Two notes: if it seems to start abruptly, that’s because I excised a sentence or two of out-of context lead in; in addition, all formatting, footnotes, and [bracketed text] are my additions.
Let’s jump right in. I give you, gentle reader, my very first Guest Blogger, “the SealWyf“:
Vampires, to have any psychological depth at all, have to have something to do with death.
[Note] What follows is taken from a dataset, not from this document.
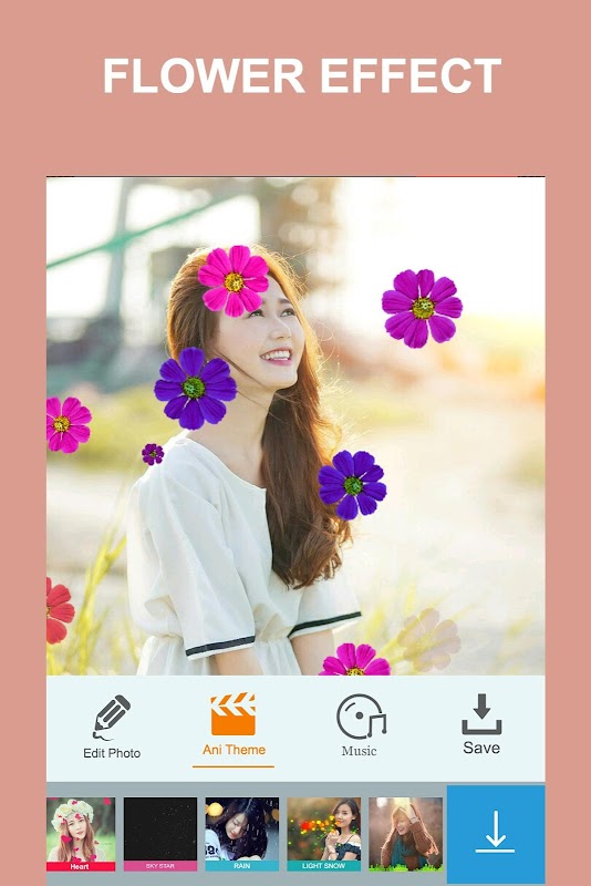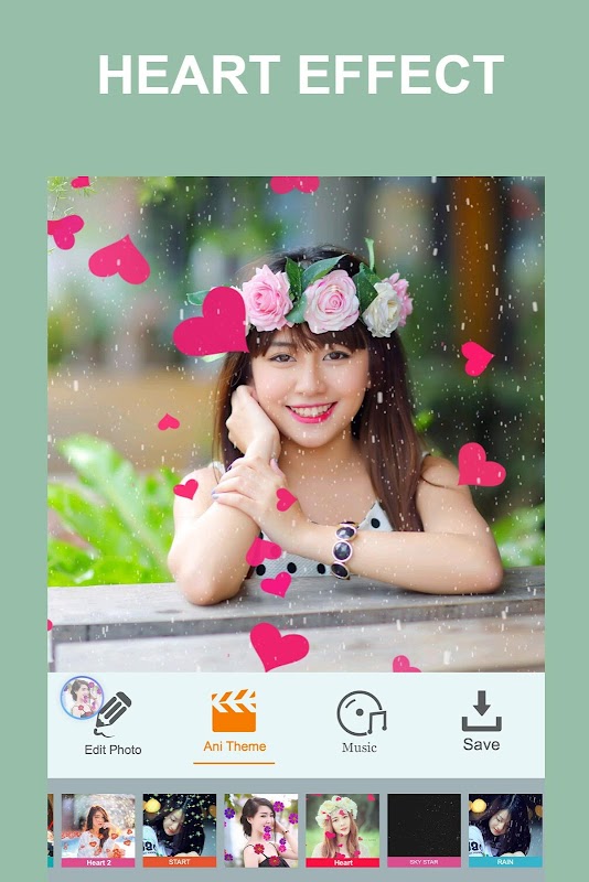 + Select effect animation you love: Loves Effect video, Heart Effect Video, Light Effect Video, Bubble Effect, Rain Effect, Snow Effect and so on....
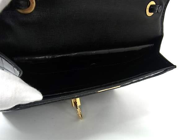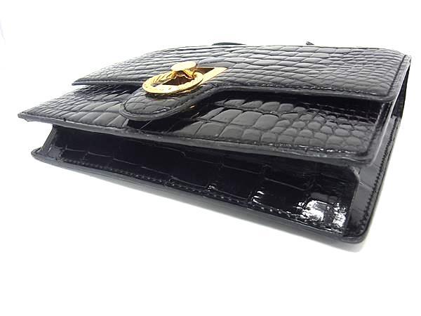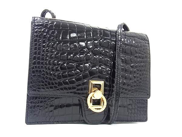 1円 ■極上■本物■美品■ Deverre デベール クロコダイル ショルダーバッグ 肩掛けかばん レディース ブラック系 BS0975

More specifically, they have something to do with the death of loved ones, and the fear and guilt we bring to them. In a primitive society, this will include the anxiety of dealing with the corpse. Here’s the person you loved, and now they are a decaying lump. The beloved has become something disgusting. You want them back… but what if they really did come back, decay and all? Add [vampire lore scholar] Paul Barber’s* observations on the behavior of actual human bodies, and you get the basis of the folkloric vampire.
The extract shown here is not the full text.